Defendant Certain Underwriters at Lloyd's London subscribing to Auto Terror and Malicious Attack Protect Contingent Insurance Policy No. TE1800238 ("Underwriters") have filed a Motion to Compel Arbitration and Dismiss or, Alternatively, Stay Litigation Pending Arbitration. (Doc. 15). Plaintiff J.B. Hunt Transport, Inc. ("J.B. Hunt") and Defendant Steadfast Insurance Company ("Steadfast") have filed responses in opposition. (Docs. 23 & 25). Underwriters replied. (Doc. 37). For the reasons discussed below, the Court finds that J.B. Hunt's claims against Underwriters should be referred to arbitration and therefore GRANTS the Motion to Compel Arbitration (Doc. 15). The Court STAYS the remaining claims against Steadfast until the conclusion of arbitration.
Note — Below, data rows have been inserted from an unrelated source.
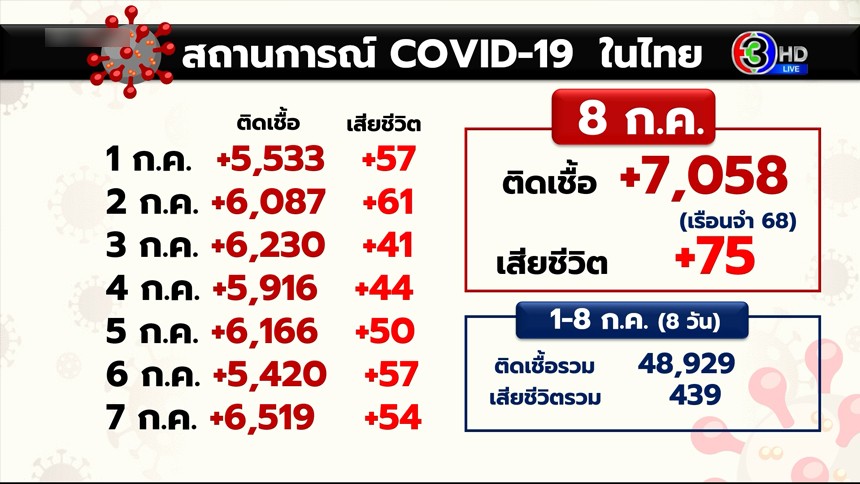 ทุบสถิติทั้งติดและตาย! โควิดวันนี้ 8 ก.ค.64 ป่วยเพิ่ม 7,058 ราย ดับพุ่ง 75 ราย
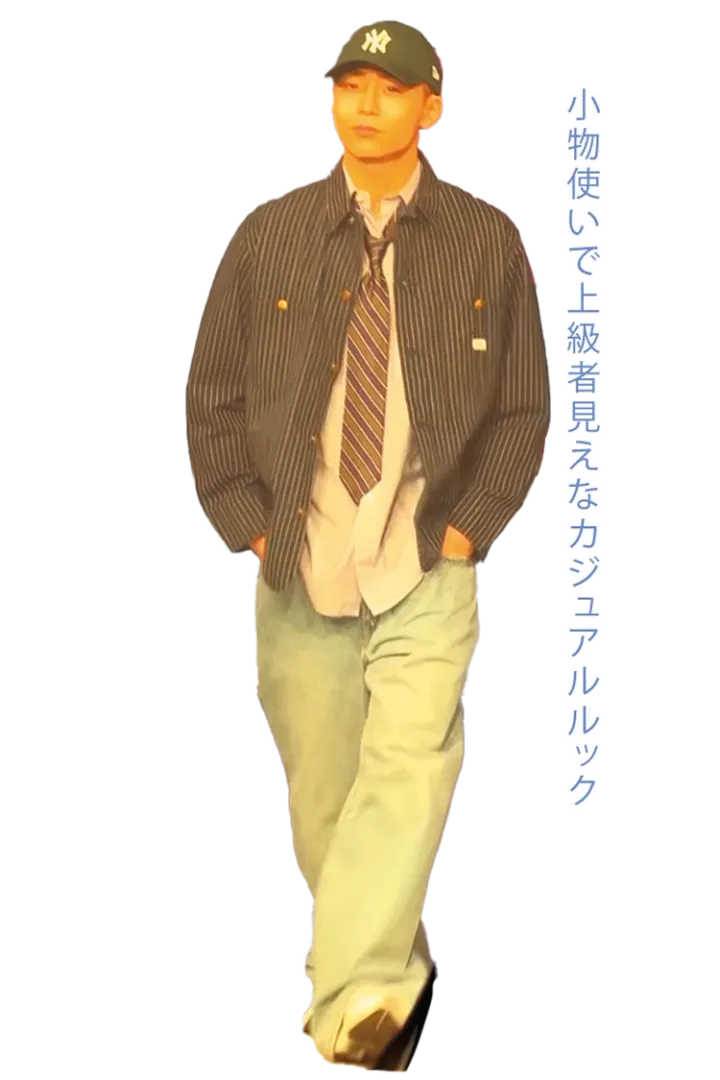 〈八村〉ストライプシャツ 7,150円、ネクタイ 4,290円/ともに原宿シカゴ 原宿店 ストライプジャケット 18,700円/Lee、デニムパンツ 15,400円/EDWIN(ともにエドウイン)キャップ 4,620円/New Era® スニーカー 19,800円/New Balance(ニューバランスジャパン)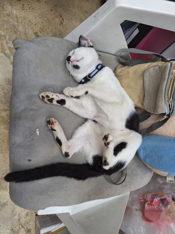 รอยตำหนิ: แมวลายวัว จมูกดำขี้อ้อน เดินไม่ค่อยมั่นคง
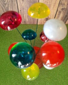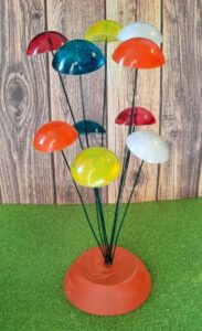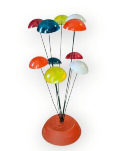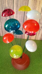 It has 5 wire stems that are about 10″ tall and 5 stems that are 6″. Color “gumdrops” are at the end of each wire. They wiggle when touched or blown with air.

Furthermore, J.B. Hunt has filed a Motion to Strike Underwriters' Answer to the Amended Complaint (Doc. 44), to which Underwriters have responded. (Doc. 47). For the reasons discussed below, the Court DENIES the Motion to Strike (Doc. 44).

Finally, J.B. Hunt filed a Motion for Leave to File a Second Amended Complaint (Doc. 41), Underwriters responded (Doc. 50), and J.B. Hunt replied (Doc. 58). For the reasons discussed below, this Motion is DENIED.

I. BACKGROUND

This dispute arises from two insurance policies issued to J.B. Hunt by separate defendants Underwriters and Steadfast. In its Amended Complaint, J.B. Hunt alleges that Underwriters and Steadfast are liable for breach of duty to defend and indemnify J.B. Hunt for claims presented in a separate suit involving the wrongful death of Evelyn S. Udell ("Udell Suit"). (Doc. 8, p. 1–2). The Udell Suit arose from the alleged intentional killing of Evelyn S. Udell by an employee for XM Carriers, a contracted carrier for J.B. Hunt. The Udell Suit has resulted in a confidential settlement agreement. (Doc. 15-1, p. 2). J.B. Hunt alleges that the claims in the Udell Suit are covered under the insurance policies issued by Underwriters and Steadfast but that Underwriters and Steadfast refused to defend those claims and have refused to "remit the sums owed under the aforementioned policies." (Doc. 8, p. 2). For Underwriters' part, they argue that they remain willing to participate in a good faith settlement of the Udell Suit but allege that they are not liable for a voluntarily overvalued settlement offer made without the consent of Underwriters and Steadfast. (Doc. 15-1, p. 3).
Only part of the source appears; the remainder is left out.